Bladder cancer has a recurrence rate of up to 80% and many patients require multiple treatments that often fail, eventually leading to disease progression. In particular, standard of care for high-grade disease, Bacillus Calmette-Guérin (BCG), fails in 30% of patients. We have generated a novel oncolytic vaccinia virus (VACV) by mutating the F4L gene that encodes the virus homolog of the cell-cycle-regulated small subunit of ribonucleotide reductase (RRM2). The F4L-deleted VACVs are highly attenuated in normal tissues, and since cancer cells commonly express elevated RRM2 levels, have tumor-selective replication and cell killing. These F4L-deleted VACVs replicated selectively in immune-competent rat AY-27 and xenografted human RT112-luc orthotopic bladder cancer models, causing significant tumor regression or complete ablation with no toxicity.
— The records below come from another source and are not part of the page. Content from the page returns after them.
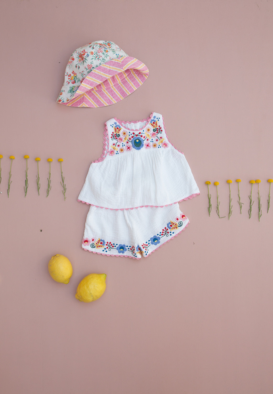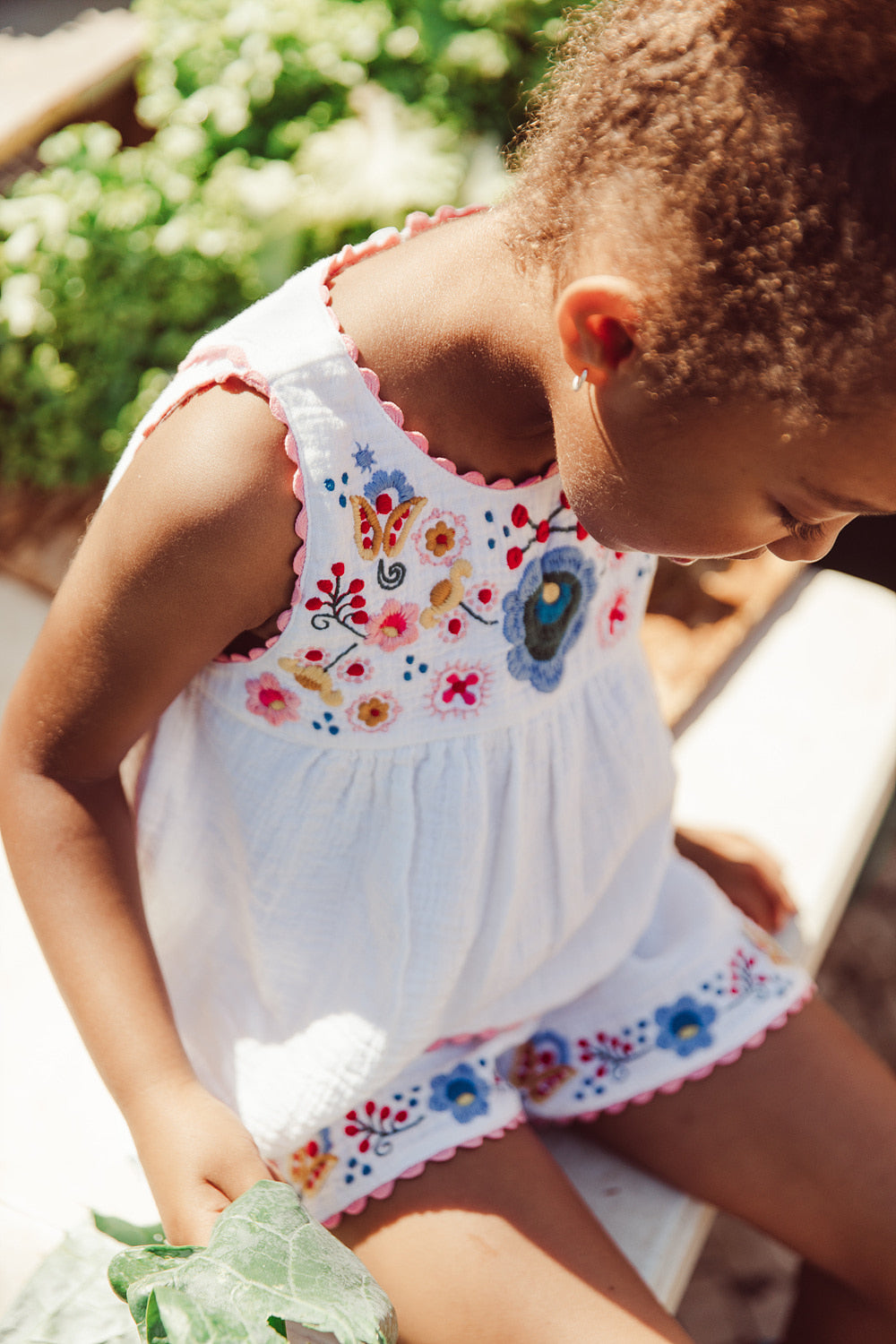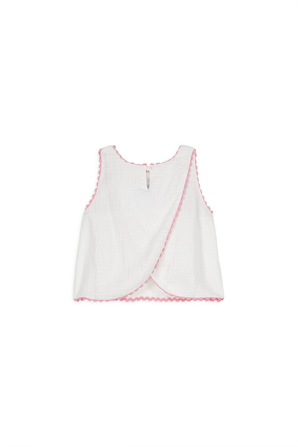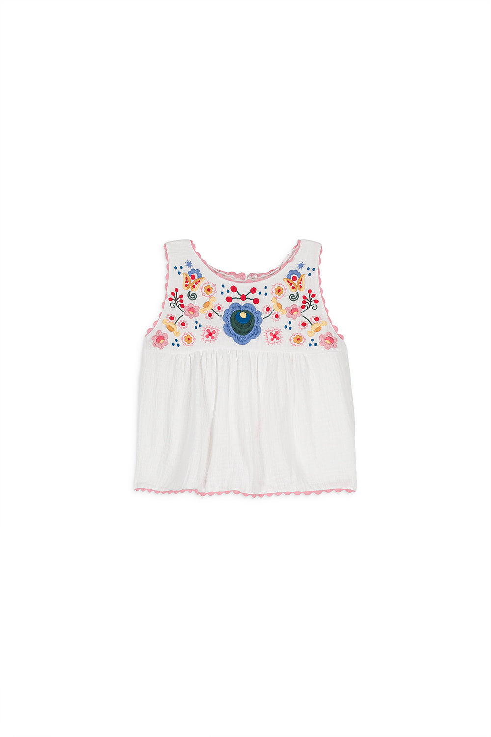 우리가 좋아하는 디테일:· 더블 코튼 거즈 탑 블라우스· 자수 디테일이 있는 가슴 부분 디테일· 네크라인, 암홀, 밑단에 리크랙 디테일· 뒷면 티어드롭 오프닝과 버튼 디테일· 뒷면의 둥근 크로스오버 패널, 리크랙 마감 처리, 낮은 등 부분이 드러나는 디자인* 참고: 3세 이하 사이즈는 뒷면 크로스오버 패널이 없으며, 대신 상단에서 하단까지 버튼이 달려 있습니다.물 온도 30°C 로 약하게 세탁표백 금지기계건조 금지낮은 온도로 다림질드라이클리닝뒤집어서 세탁화기에 가까지 하지 말 것
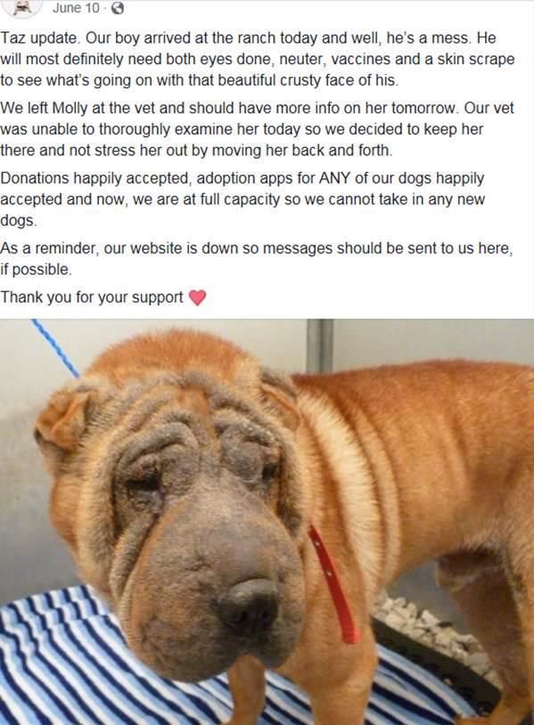 ![]() This is a post for the California Sharpei rescue when they got Taz. He was a mess with a skin condition, he had Entropian (eye lid problems), and he always needed to be neuter. |
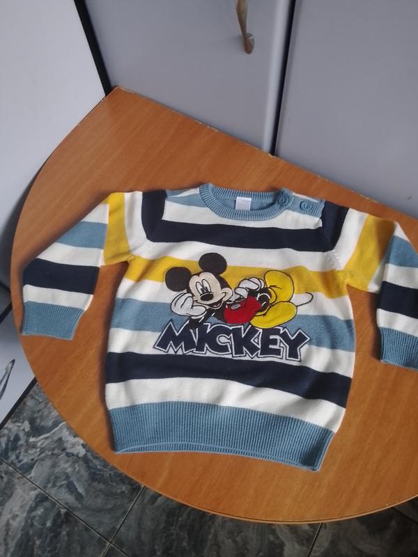 Красивій модній джемпер Принт Микки Маус. Дисней. Унисекс, подойдет как девочке, так и мальчику. Размер 86. Замеры: длина 35 см, подмышки 30 см., плечо 6 см + рукав 27 см. Состав: 54% акрил, 46% хлопок. Состояние идеальное, новой вещи. Доставка: Оплата на карту Приват Банка + 1 % от суммы (комиссия банка за снятие наличных денег с карты)
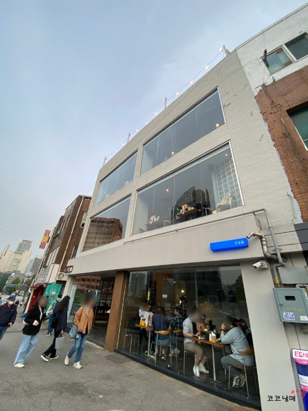 오공일 위치로 가보니까 건물 하나를 통으로 사용하고 있더라고요. 각 층마다 통창이 나 있어서, 뻥 뚫린 시티뷰(?)를 볼 수도 있겠다고 느꼈어요.
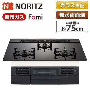 - NORITZ N3WV7RWTP1-13A Fami (ファミ) ビルトインガスコンロ (都市ガス用・3口・両側強火タイプ・幅75cm)
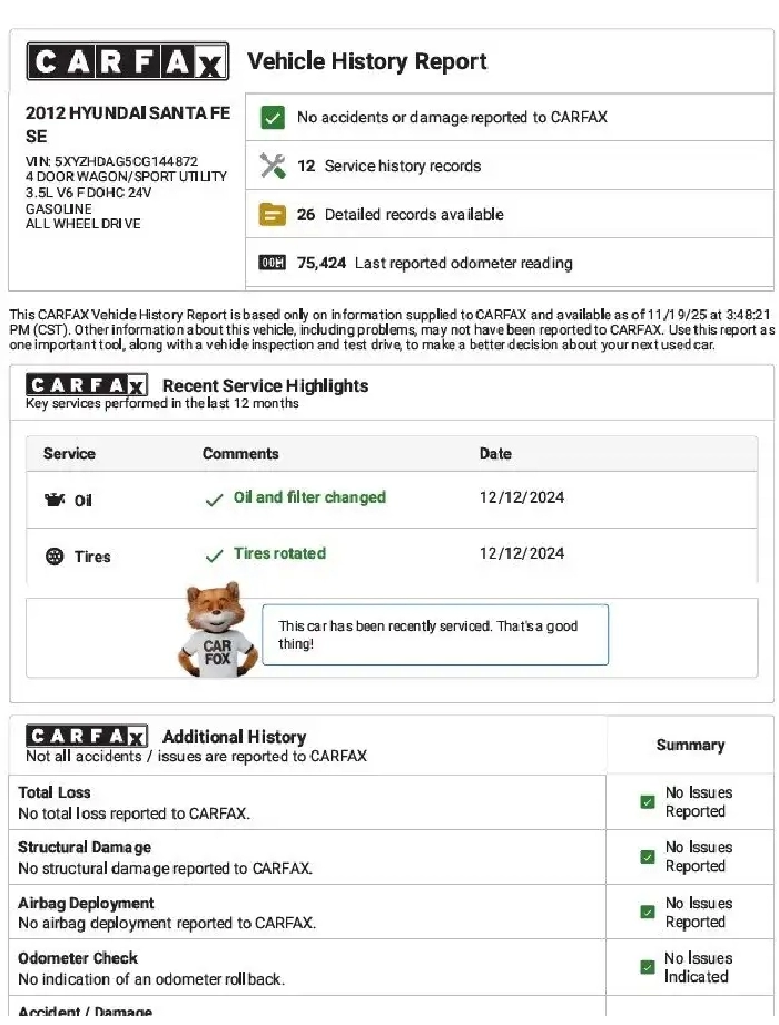 2012 Hyundai Santa Fe LIMITED AWD VERY CLEAN CONDITION DRIVE SMOOTH ECONOMY WITH THE GAS. Air conditioning Alloy wheels Bluetooth Cruise control Sunroof Trailer hitch Clean inside and out with leather seats. Runs and drives well, doesn’t need much for safety. Reliable SUV, great for family use or daily driving. All wheel-drive. As Is

It was also observed that rats cured of AY-27 tumors by VACV treatment developed anti-tumor immunity as evidenced by tumor rejection upon challenge and by ex vivo cytotoxic T-lymphocyte assays. Finally, F4L-deleted VACVs replicated in primary human bladder cancer explants. Our findings demonstrate the enhanced safety and selectivity of F4L-deleted VACVs, with application as a promising therapy for patients with BCG-refractory cancers and immune dysregulation.

Keywords: bladder cancer; immunotherapy; oncolytic virus; ribonucleotide reductase; vaccinia virus.

Figure EV1. Genomic map of vaccinia virus constructs

Viruses were generated from the VACV Western Reserve strain. Viral thymidine kinase is encoded by the J2R gene. Subunit 2 of viral ribonucleotide reductase is encoded by the F4L gene. neo, neomycin gene; gusA, β‐glucuronidase gene; lacZ, β‐galactosidase gene; ITR, inverted terminal repeat; TK ^L, viral thymidine kinase gene left homology; TK ^R, viral thymidine kinase gene right homology; and WT, wild‐type.

Figure 1. ∆F4L∆J2R VACV retains much of the replication proficiency and cytotoxicity of WT VACV in bladder cancer cells

1. A, B

   Growth curves for the indicated VACV strains in subconfluent human bladder cancer cell lines, a rat bladder cancer cell line (AY‐27), and a normal human skin fibroblast line (N60). The cells were infected with 0.03 PFU/cell. (A) Panel of cells grown under normal serum conditions. (B) Panel of cells grown under low (0.1%) serum conditions. Cultures were harvested at the indicated times and titered on BSC‐40 cells.

2. C, D

   Survival of cell lines infected in vitro with the indicated VACV strains. Subconfluent cells were infected at the indicated multiplicities of infection (in PFU/cell). Uninfected cells were used as control. (C) Panel of cells grown under normal serum conditions. (D) Panel of cells grown under low (0.1%) serum conditions. The cells were incubated with resazurin to assess viability 3 days post‐infection relative to uninfected control cells.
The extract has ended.